Defensively, captain Ehsan Haddad marshals the backline from Al-Hussein, while Yazan Al-Arab, one of the few players based outside the Middle East, arrives with experience from FC Seoul. They will be busy. They will also be vital.
Star man: Al-Tamari, the hope and the spark
All roads to a Jordanian upset run through Mousa Al-Tamari. The Rennes forward is the finest player the country has produced and the first Jordanian to play in Ligue 1. At home he carries a nickname that says everything about the expectations on his shoulders: the ‘Jordanian Messi’.
His pace, dribbling and willingness to take responsibility give Jordan a weapon that can trouble any defence on the counter. If this group is to witness a shock with Jordan at its centre, Al-Tamari will almost certainly be the architect.
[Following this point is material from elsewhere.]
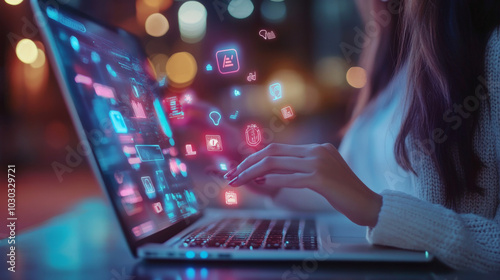 A businesswoman using a laptop with hologram icons, representing a contact us or customer support hotline. The icons include feedback, business, and finance concepts, emphasizing customer engagement a
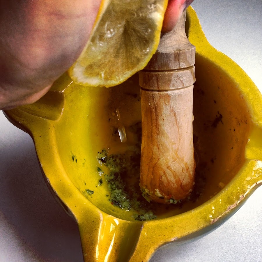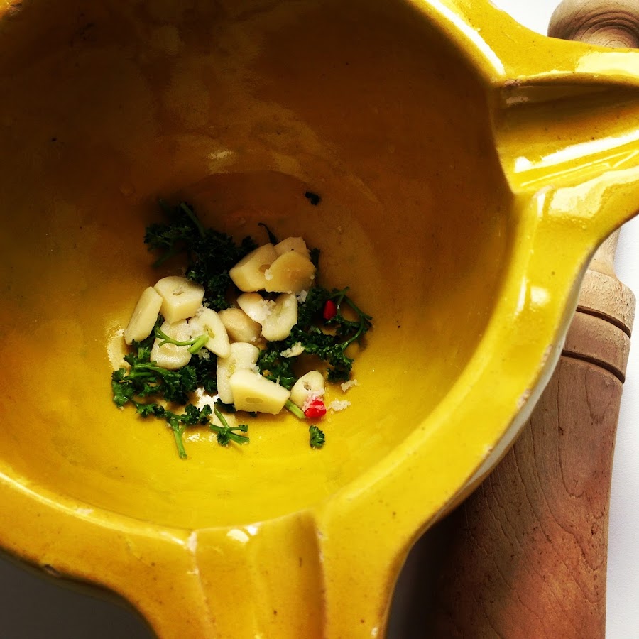 En un mortero ponemos unas hojas de perejil cortadas, 2 ajos troceados, una punta de pimiento chilly y sal y lo machacamos todo.

Prediction: Ready to fight, whatever the odds
Jordan’s best shot comes early. The opener against Austria in Santa Clara is their most winnable fixture; a point there would echo around the tournament. Anything taken from Algeria would be historic. And then comes Argentina at AT&T Stadium in Dallas, a final group game that will be the biggest night Jordanian football has ever known, regardless of what the table says.
So Group J offers a defending champion chasing history, a legend nearing his last bow, a resurgent Algeria, a relentless Austria and a fearless debutant. Argentina should lead. The real tension lies just beneath them.
Who blinks first when everything is on the line: Mahrez and Algeria’s golden generation, or Rangnick’s pressing machine? And if Messi does stride into the knockouts on top of this group, who will be left standing behind him, still dreaming?